Alleged 'execution-style' killing was nothing of the sort

New York subway shooting suspect Frank James / Getty Images

A Washington Free Beacon report last week from our colleague Charles Lehman put data behind what we all know to be true: that the media harp on violence carried out by whites and downplay it when the perpetrator is black—or should we say "Black."

That report went up on Thursday, the day after police arrested the black nationalist who gunned down 13 people in a Brooklyn subway station. His race—and his professed bigotry against whites and Jews—were either excluded from media reports entirely or described in an anodyne way. The New York Times described his "harshly bigoted views"—against whom, they could not say.

Then came the release of video from a police shooting in Grand Rapids, Mich., an incident with a white "perpetrator" and a black victim. Video shows 26-year-old Patrick Lyoya fleeing from the unidentified officer before grabbing for the officer's taser. The two struggle on the ground before the officer fatally shoots Lyoya.

The incident became the subject of wall-to-wall news coverage, with the New York Times, the Washington Post, and CNN referring to Lyoya as an "unarmed Black man"—even though he had grabbed the cop's taser.

Add to that the media's uncritical promulgation of the grieving family's claim that Lyoya was "killed like an animal" and family lawyer Benjamin Crump's characterization of the incident as an "execution." Crump pushed his claim on air with MSNBC's racial agitator Al Sharpton, who is set to deliver the eulogy this week. It's no wonder Michiganders spent the weekend protesting. (The press apparently doesn't use pompous fact-checking clauses like "claimed without evidence" unless it's former president Donald Trump or one of his allies who's doing the talking.)

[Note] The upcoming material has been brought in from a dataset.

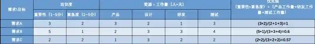 从上表优先级结果可以看到,【需求A】的优先级为1.00、【需求B】的优先级为0.60、【需求C】的优先级为0.57,所以三个需求在开发时的优先级依次为【需求A】>【需求B】>【需求C】。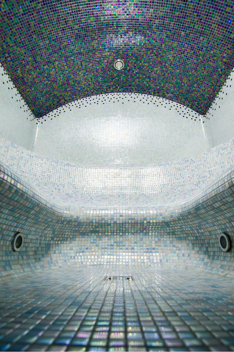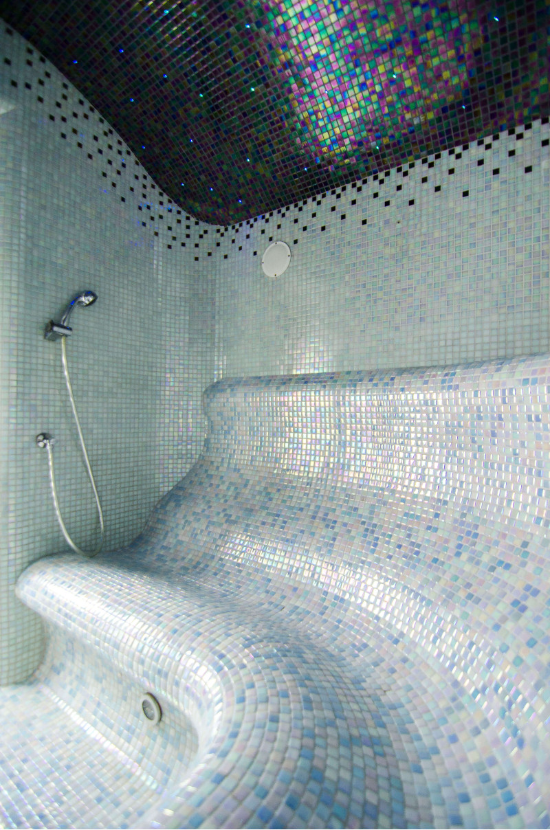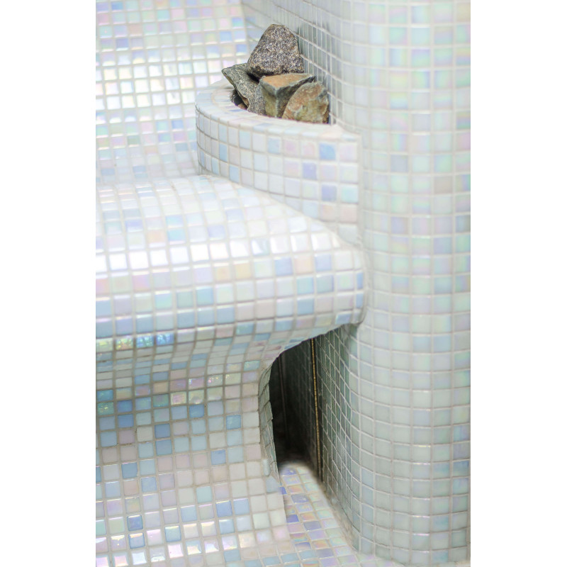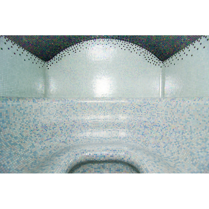 Los bancos, las paredes y los techos de la sauna de vapor están fabricados individualmente con poliestireno extruido especial. Los techos tienen forma de arco, típico de todas las salas de vapor, por lo que no se puede acumular ningún condensado de vapor en ellos. Posiciones para sentarse, bancos curvos de formas cómodas para un descanso placentero en la sauna. Los bancos se vacían para evitar que el sudor y la humedad se acumulen en ellos.

The coverage of the Grand Rapids shooting was so over-the-top that the sober commentary offered by a former cop, Baltimore's Anthony Barksdale, seemed almost out of place. "When you have an individual … trying to take control—or has control—of the officer's equipment, especially a taser, then lethal force is the next level above a taser," Barksdale told CNN. "The test is, what would a reasonable officer do? The issues with the taser, I could see lethal force being used by this officer."

The hysterical media coverage of the incident is surely being consumed by the next subway shooter out there, whose motivations will then be dutifully buried in paragraph 21 of the New York Times report on the tragedy, if they get a mention at all.